Evaluation · intermediate
Online Evaluation (online eval, production eval)
Online evaluation runs scoring functions over live production traffic — usually a sample of recent traces — to monitor quality continuously instead of relying solely on a fixed offline dataset.
Explanation
Offline eval tells you how a change performs on yesterday's known cases. Online eval tells you how it's performing on today's unknown ones.
Typical setup: a sampler picks 1-10% of production traces; each is run through LLM-as-judge graders (faithfulness, relevance, etc.); scores are stored alongside the trace; a dashboard tracks rolling quality metrics; alerts fire when scores drop more than a threshold.
The catch is cost — every online eval is another LLM call. Tactics: sample smaller percentages, use cheaper judge models, run only flagged sessions through expensive evals, batch eval runs hourly instead of inline.
Online eval also feeds back into the offline set: production failures become regression cases.
Examples
- Phoenix running a faithfulness eval on 5% of production RAG traces, dashboard charts the rolling 7-day mean.
- A customer support bot whose hallucination-detection eval auto-tags any session where the model contradicted its retrieved context.
When to use online evaluation
After offline eval is solid and you have meaningful production volume. Stretch your eval coverage from a fixed set to a live one.
Frequently asked
What is Online Evaluation?
Online evaluation runs scoring functions over live production traffic — usually a sample of recent traces — to monitor quality continuously instead of relying solely on a fixed offline dataset.

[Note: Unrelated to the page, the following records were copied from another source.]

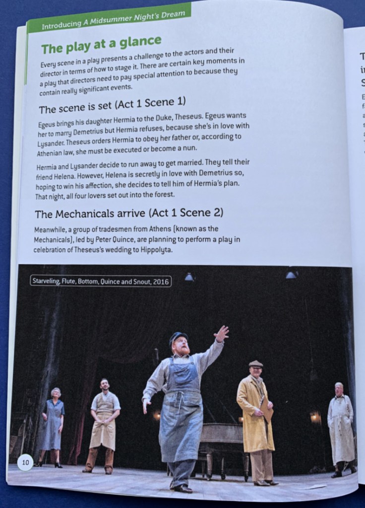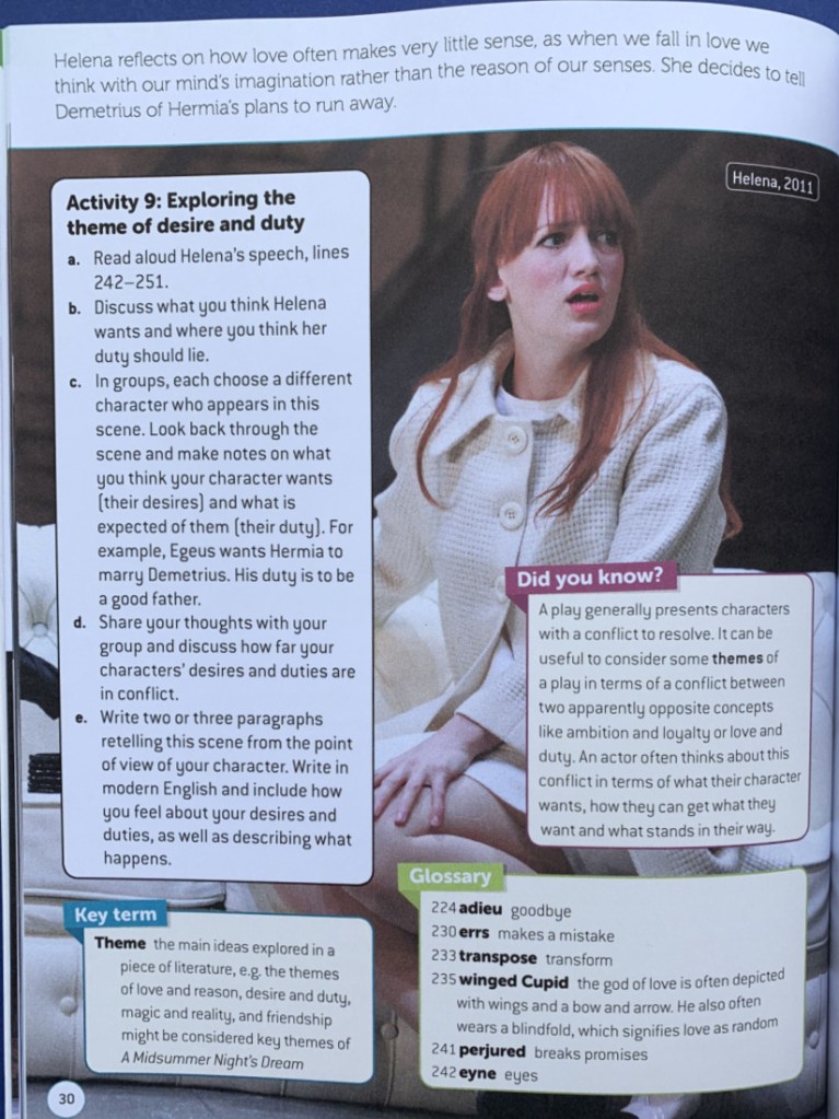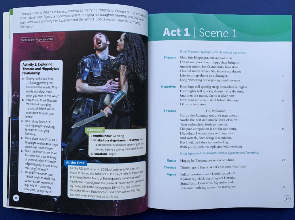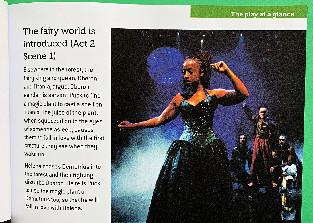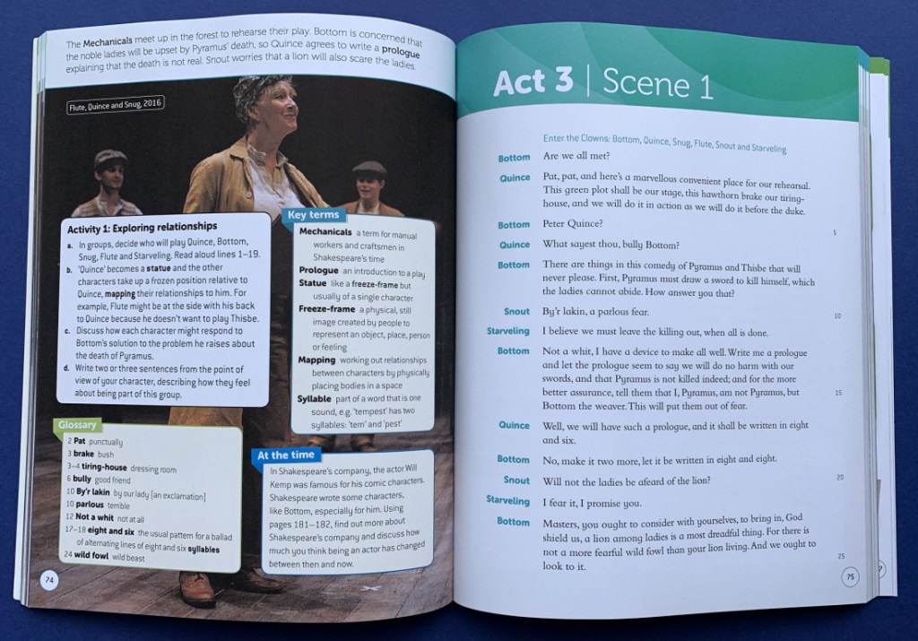 The play itself is set out over double pages. On the Right is the actual text and then on the Left is what my daughter calls the “explanation page”. There is always a picture of the scene being acted out which for us is key. Just looking at the photo helps to explain what is happening in the text and it brings it to life. These photos are vital for visual learners like my daughter. At the top of the picture there is a one or two line summary (we love this), there are glossary and key term blocks which explain unusual words and then there is always a suggested activity. Now the activities are written with a school setting in mind so often they involve things like act out, discuss in a group etc etc but my daughter says she just thinks about the activity in her head and if she thinks she can do it successfully she feels like she understands that page.
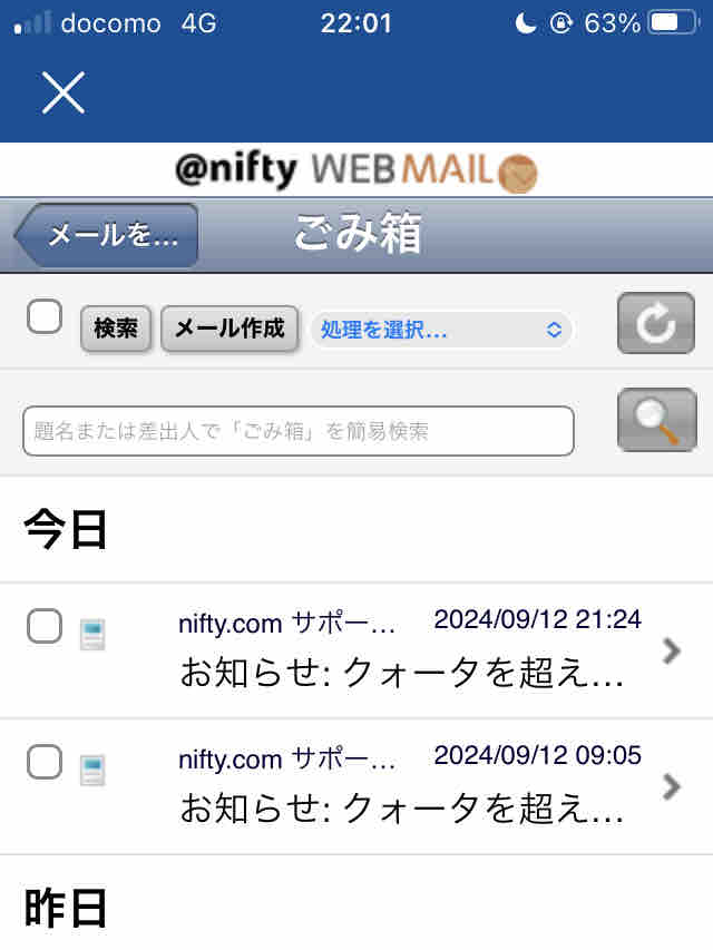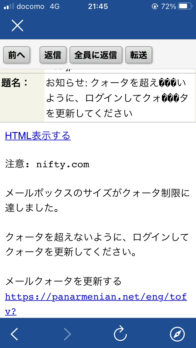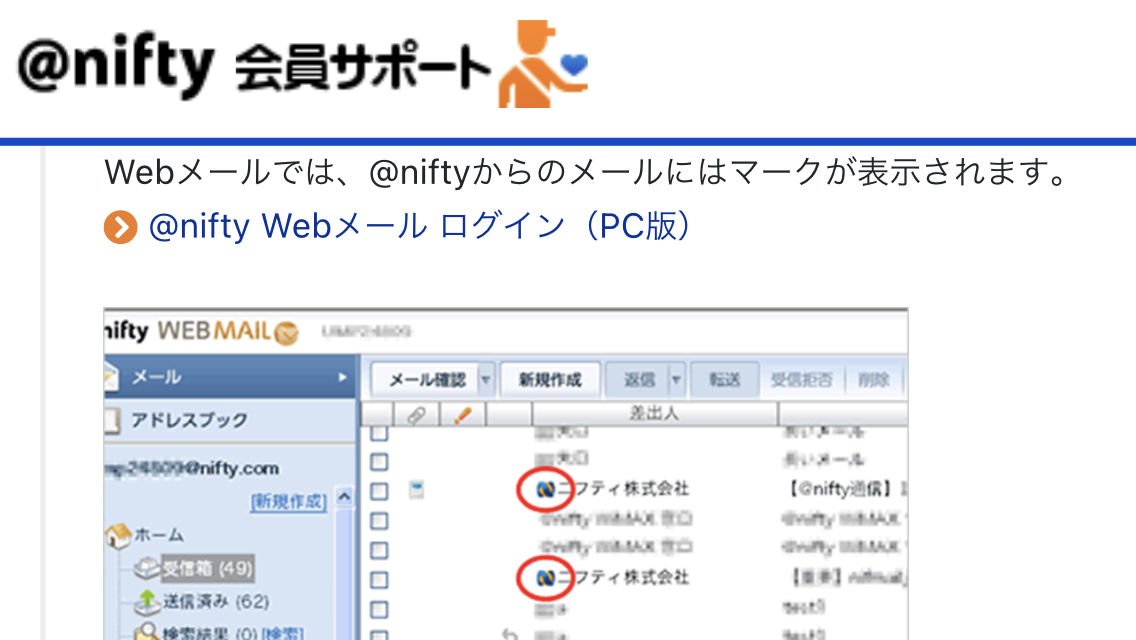 と言うのは昨晩、ニフティのwebメールをチェックしたら、朝9時台と夜9時台にほぼ同文のニフティサポートチームを名乗る発信元からのメールが届いていたからです。
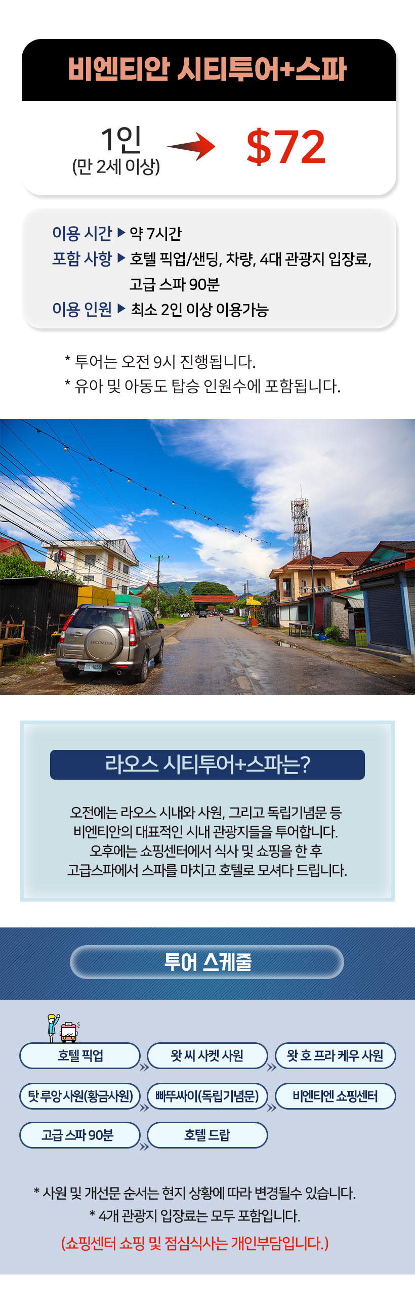 - 비엔티안 이곳저곳 편하게 투어하며 끝나고 스파로 하루의 피로를 싹~ 녹여보세요
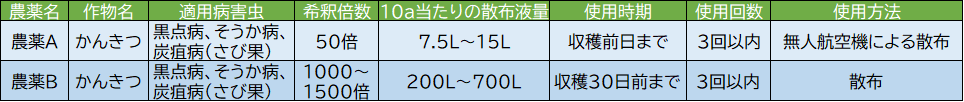 そのため、農薬Bはドローンで使用できない農薬ではないものの、作業効率の面から現実的ではないと言えるでしょう。
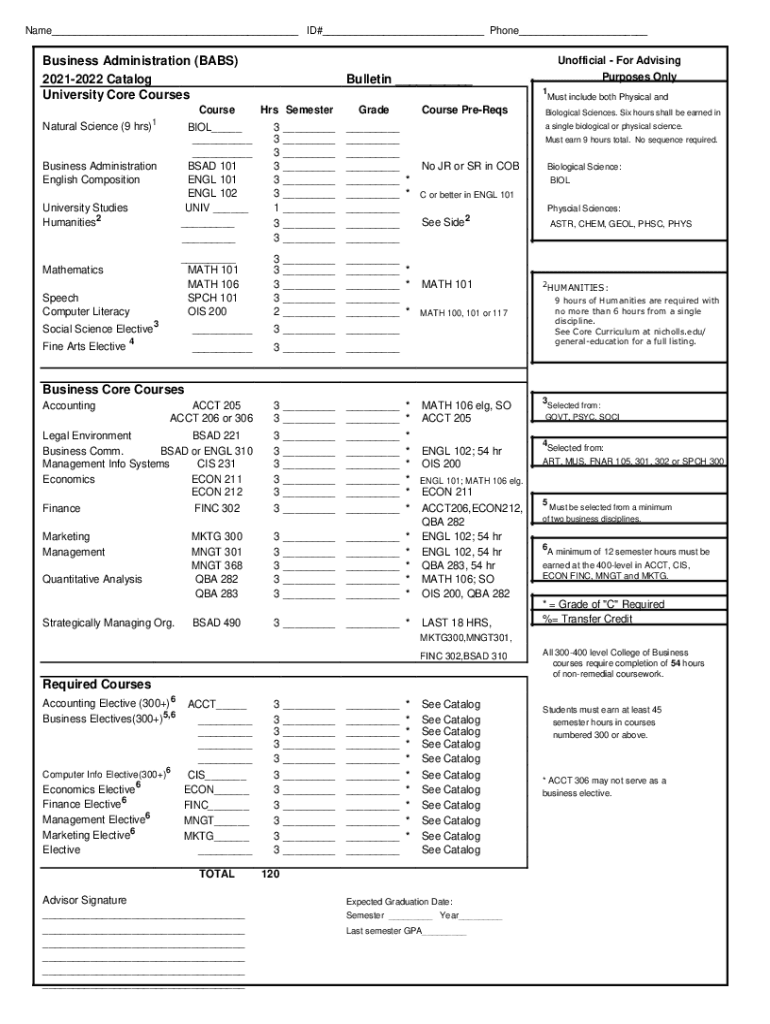 Name___ ID#___ Phone___Business Administration (BASS) 20212022 Catalog University Core Courses Course Natural Science (9 hrs)1Business Administration English Composition University Studies Humanities2Mathematics
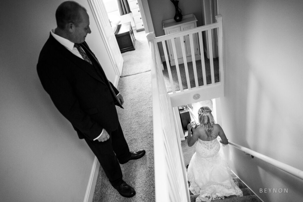 Some of the small moments are my favourite, like Alice taking a peak at arriving guests from the window of the bride prep room at The Redhouse Barn, Steph wiping away a tear during her and Ali’s ceremony at Sheene Mill, Ellen’s Dad watching her walk downstairs on her way out to the ceremony, the mothers of the Bride and Groom dancing arm in arm during the evening reception at my Leeds Castle wedding and a sight I’m probably never going to see again: a bridesmaid practising her walk down the aisle in the men’s toilets!
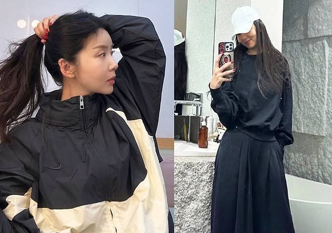 이어진 컷에서는 올블랙 스웻셔츠와 와이드 플리츠스커트에 화이트 볼캡을 매치해 도회적이면서도 흐트러짐 없는 캐주얼 무드를 완성했습니다.

What is an example of online evaluation?
Phoenix running a faithfulness eval on 5% of production RAG traces, dashboard charts the rolling 7-day mean.
How is Online Evaluation related to Offline Evaluation?
Online Evaluation and Offline Evaluation are both evaluation concepts. Offline evaluation runs a fixed dataset of inputs through a candidate model or prompt, scores each output, and reports aggregate quality — the standard way to compare changes before shipping.
When should I use online evaluation?
After offline eval is solid and you have meaningful production volume. Stretch your eval coverage from a fixed set to a live one.
Is Online Evaluation considered intermediate?
Online Evaluation is generally considered intermediate-level material in the AI and LLM space.